▶ [Instructions for the task]
Below are the records. Restate word for word every line from the one that contains "TORRAS BIO XOCOLATA" through the final line, both included.

▶ [Supplied records]
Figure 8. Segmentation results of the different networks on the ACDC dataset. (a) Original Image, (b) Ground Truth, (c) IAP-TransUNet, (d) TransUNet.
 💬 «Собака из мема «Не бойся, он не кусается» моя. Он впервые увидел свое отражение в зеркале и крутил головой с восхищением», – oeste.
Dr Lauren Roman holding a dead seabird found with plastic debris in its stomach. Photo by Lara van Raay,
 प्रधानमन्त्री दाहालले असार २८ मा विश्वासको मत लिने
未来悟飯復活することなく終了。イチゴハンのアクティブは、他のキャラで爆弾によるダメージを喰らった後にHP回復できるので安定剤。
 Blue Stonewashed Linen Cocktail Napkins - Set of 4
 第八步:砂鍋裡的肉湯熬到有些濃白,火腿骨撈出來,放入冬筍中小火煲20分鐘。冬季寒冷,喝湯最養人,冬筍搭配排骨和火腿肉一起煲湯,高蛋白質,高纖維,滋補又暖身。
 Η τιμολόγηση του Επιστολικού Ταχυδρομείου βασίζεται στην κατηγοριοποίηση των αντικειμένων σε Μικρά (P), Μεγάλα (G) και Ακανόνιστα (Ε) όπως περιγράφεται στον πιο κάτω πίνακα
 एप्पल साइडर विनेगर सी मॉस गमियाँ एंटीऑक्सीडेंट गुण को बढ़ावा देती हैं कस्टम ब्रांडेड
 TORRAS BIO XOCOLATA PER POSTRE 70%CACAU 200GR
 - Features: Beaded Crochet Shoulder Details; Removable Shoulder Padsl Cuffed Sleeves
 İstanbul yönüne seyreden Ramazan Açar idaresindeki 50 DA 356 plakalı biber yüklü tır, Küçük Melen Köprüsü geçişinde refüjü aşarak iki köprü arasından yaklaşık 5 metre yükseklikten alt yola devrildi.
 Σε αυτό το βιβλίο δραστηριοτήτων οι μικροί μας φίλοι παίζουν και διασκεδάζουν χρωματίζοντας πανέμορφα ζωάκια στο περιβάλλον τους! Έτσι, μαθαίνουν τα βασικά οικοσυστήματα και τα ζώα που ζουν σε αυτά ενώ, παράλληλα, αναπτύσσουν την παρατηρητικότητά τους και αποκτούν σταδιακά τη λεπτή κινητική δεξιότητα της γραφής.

▶ [Response]
 TORRAS BIO XOCOLATA PER POSTRE 70%CACAU 200GR
 - Features: Beaded Crochet Shoulder Details; Removable Shoulder Padsl Cuffed Sleeves
 İstanbul yönüne seyreden Ramazan Açar idaresindeki 50 DA 356 plakalı biber yüklü tır, Küçük Melen Köprüsü geçişinde refüjü aşarak iki köprü arasından yaklaşık 5 metre yükseklikten alt yola devrildi.
 Σε αυτό το βιβλίο δραστηριοτήτων οι μικροί μας φίλοι παίζουν και διασκεδάζουν χρωματίζοντας πανέμορφα ζωάκια στο περιβάλλον τους! Έτσι, μαθαίνουν τα βασικά οικοσυστήματα και τα ζώα που ζουν σε αυτά ενώ, παράλληλα, αναπτύσσουν την παρατηρητικότητά τους και αποκτούν σταδιακά τη λεπτή κινητική δεξιότητα της γραφής.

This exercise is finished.